I am well aware that there are plenty of people out there who tweak and modify photos, but from what I have seen, the outdoors woman I am referring to honestly does love fishing and has been on the cover of several respectable fishing magazines, so it appalled me to see her being criticized on social media without just cause. Jealously? I have to ask myself… and all of you… what drives women to be so competitive and backbiting?

To the above types of confrontational women (and you know who you are), why don’t you STOP for one second and try lifting others up instead of tearing them down? No matter how good you think you are at fishing or anything else, there will always be someone out there who has more skills, who has been doing it longer, and who genuinely wants to see other women succeed and serve as a good role model for beginning anglers. We all started somewhere. Besides, that “mean girl” thing… so unflattering.

A few suggestions:

  • If you see someone outdoors fishing or on social media performing any kind of angling act in a way that you perceive to be incorrect or not in the best interest of conservation, how about making a friendly suggestion or sending them a private message mentioning the proper way? Don’t you think we should give them credit for being out there and trying it regardless?
  • If a fellow outdoors woman or lady angler is interested in refining her skills, suggest that she attend an upcoming fishing seminar or clinic. For example, the “Ladies, Let’s Go Fishing!” seminar series or the FWC “Becoming an Outdoors Woman” program in Florida both host a few events each year throughout the state.

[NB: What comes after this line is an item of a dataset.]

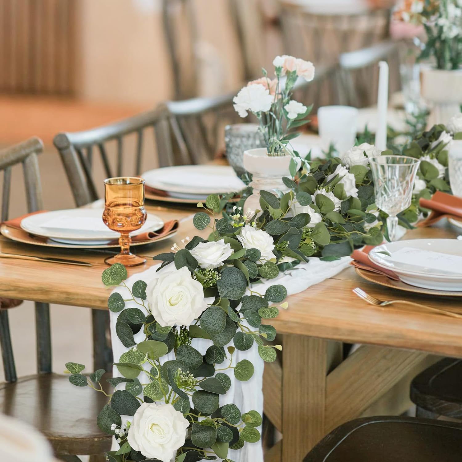 • Versatile Elegance for Every Occasion: Elevate your decor with our 6.6FT eucalyptus garland, a perfect blend of 12 white roses, abundant white gypsophila flowers, and lush artificial greenery. Ideal for wedding arch, table centerpieces, fireplace mantel, backdrops, or outdoor garden fences. Whether it’s a wedding, Mothers Day, or seasonal celebration, this garland brings timeless beauty to your space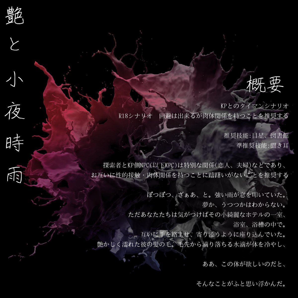刑事または探偵など、調査や捜査が出来る探索者向けのタイマンシナリオです。

You can also suggest that they reach out to Jeanene Arrington, of Not a Clue Adventures, who runs an outdoor guide service and specializes in educating women on a variety of outdoor activities like hiking, camping, fishing and canoeing.
  • Invite her along the next time you go out fishing with a group so she has the chance to connect with other anglers and learn a little something from each of them. I know there are several of you out there saying to yourselves, “I’m not going to invite someone I hardly know out fishing. What if she refuses to bait her own line or claims she has to run to the bathroom every 5 minutes?” Well, guess what? You’ll find out real fast how serious someone is when it comes to learning more about the sport or if they are just a “female fishing poser.”

I’m sure a few of you have comments to add, so please weigh in on our Facebook page or by registering and commenting on the blog.

2 Comments

  1. Gretchen

    Thank you for such a great post! The “mean girl” mentality, coupled with so many’s quest to rise to the top of the outdoor industry; be the next big star; has often left me with a bad taste in my mouth. Seems as though while many want to use their status as a woman in the outdoors as their “hook” so to speak, they definitely do not want to truly empower or assist other women to become proficient in outdoor sports. In fact I see them tearing others down regularly. Behavior such as that has more than once caused me to consider retiring and walking away from it all. We should be helping other women, not behaving like the mean girls table in the high school cafeteria. Thank you again for bring this issue out in the open.